In study 1, 150 introductory psychology students were randomly assigned to a “real” or a “hypothetical” condition. In the real condition, participants believed that they would have a real opportunity to connect with potential romantic partners. In the hypothetical condition, participants simply imagined that they are on a date. All participants were required to select their favorite profile and answer whether they were willing to exchange contact information.
Below is the specific result you will attempt to reproduce (quoted directly from the results section of Study 1):
We next tested our primary hypothesis that participants would be more reluctant to reject the unattractive date when they believed the situation to be real rather than hypothetical. Only 10 of the 61 participants in the hypothetical condition chose to exchange contact information with the unattractive potential date (16%). In contrast, 26 of the 71 participants in the real condition chose to exchange contact information (37%). A chi-square test of independence indicated that participants were significantly less likely to reject the unattractive potential date in the real condition compared with the hypothetical condition, X^2(1, N = 132) = 6.77, p = .009.
library(tidyverse) # for data munging
library(knitr) # for kable table formating
library(haven) # import and export 'SPSS', 'Stata' and 'SAS' Files
library(readxl) # import excel files
# #optional packages:
# library(broom)
# library(labelled)# converts SPSS's labelled to R's factor
# Just Study 1
d <- read_sav('data/Empathy Gap Study 1 data.sav')
d <- d %>% #changing condition and dv labels, and turning them into factors
select(condition, exchangeinfo) %>%
mutate(condition = case_when(condition == 0 ~ "hypothetical",
condition == 1 ~ "real")) %>%
mutate(exchangeinfo = case_when(exchangeinfo == 1 ~ "exchange",
exchangeinfo == 2 ~ "dontexchange")) %>%
mutate(condition = as.factor(condition)) %>%
mutate(exchangeinfo = as.factor(exchangeinfo))
Only 10 of the 61 participants in the hypothetical condition chose to exchange contact information with the unattractive potential date (16%).

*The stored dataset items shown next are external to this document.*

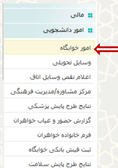
شکل ۱-۳: فرایند الکترونیکی امور خوابگاه در منوی امور دانشجویی لبه آموزشی پورتال پویا

مقتضای خوابگاه برای ارسال درخواست می‌تواند در پورتال پویا از طریق لبه آموزشی و منوی امور دانشجویی، گزینه امور خوابگاه را انتخاب نماید (شکل ۱-۳).
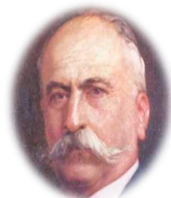
Figura 9. Pedro Nel Ospina.
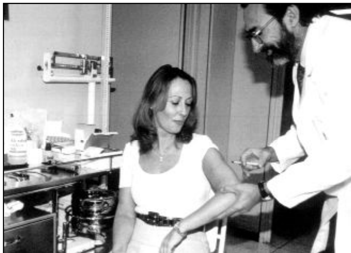
Campaña de vacunación contra la gripe

Estamos en pleno invierno y más tarde o más temprano la gripe está esperándonos. Intentamos tomar precauciones, pero cuando el virus entra en casa, en el colegio, o en el lugar de trabajo, rara vez se libra alguno. Los médicos recomiendan guardar cama, y coinciden en afirmar que esa es la mejor medicina para curarse y evitar complicaciones... ¡Pero lo cierto es que la gripe nos cambia la vida! En el periodo álgido, la fiebre no permite ninguna actividad; pero cuando el termómetro va bajando, hay unos días de permanencia en casa que

In contrast, 26 of the 71 participants in the real condition chose to exchange contact information (37%).
# reproduce the above results here
d %>% #percentage table
group_by(condition) %>%
summarize(wantedtoexchange = length(exchangeinfo[exchangeinfo == "exchange"]), total = length(exchangeinfo), percent = length(exchangeinfo[exchangeinfo == "exchange"])/length(exchangeinfo))
## # A tibble: 2 × 4
## condition wantedtoexchange total percent
## <fct> <int> <int> <dbl>
## 1 hypothetical 10 61 0.164
## 2 real 26 71 0.366
A chi-square test of independence indicated that participants were significantly less likely to reject the unattractive potential date in the real condition compared with the hypothetical condition, X^2(1, N = 132) = 6.77, p = .009.

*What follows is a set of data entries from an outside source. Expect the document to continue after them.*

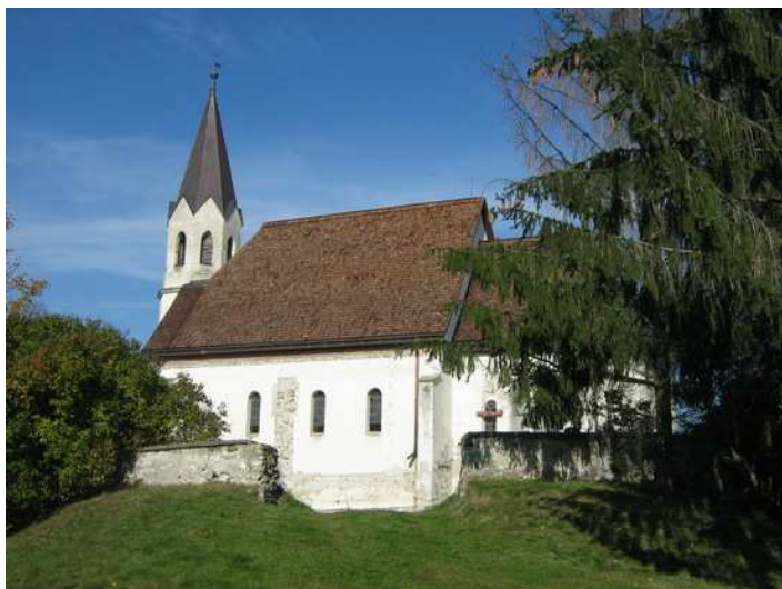
A templom helyreállított tetőzettel

Ez év áprilisában, a Hírlevél hasábjain a Hónap Műemléke rovatban már olvashattunk az abaújszántói református templomról. Az írás célja akkor az volt, hogy felhívja a figyelmet a történetileg, építészetileg
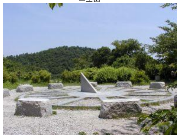
二上山 山頂の日時計
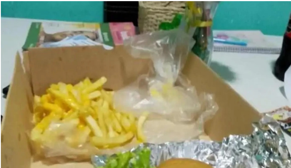
Pizzeria la unica papas fritas
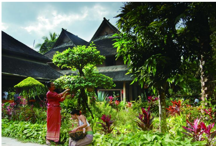
傣家庭院

# reproduce the above results here
d <- d %>% #for chi squared
group_by(condition) %>%
summarize(wantedtoexchange = length(exchangeinfo[exchangeinfo == "exchange"]), didnotwanttoexchange = length(exchangeinfo[exchangeinfo == "dontexchange"])) %>%
select(wantedtoexchange, didnotwanttoexchange)
chisq.test(d, correct = FALSE)
##
## Pearson's Chi-squared test
##
## data: d
## X-squared = 6.7674, df = 1, p-value = 0.009284
Were you able to reproduce the results you attempted to reproduce? If not, what part(s) were you unable to reproduce?
I was able to reproduce the full results.
How difficult was it to reproduce your results?
It was not difficult! I got a little confused because R seemed to automatically apply a correction to the chi-squared test, but once I got rid of that it seemed to be okay.
What aspects made it difficult? What aspects made it easy?
I appreciated that the authors demarcated which columns in the data file were relevant to the analyses, and to reproduce the results. I think I would have appreciated these more if they were at the front - when I first opened up the file I got a bit confused by all of the column names and it was only until I scrolled to the end that I saw the relevant columns. I think it would have been better if they labeled what their coding scheme was in their file (as opposed to 1s and 2s, or 0s and 1s), or have provided a code book to decipher what the values were. I just had to guess what the values referred to what condition or choice. But otherwise it went smoothly!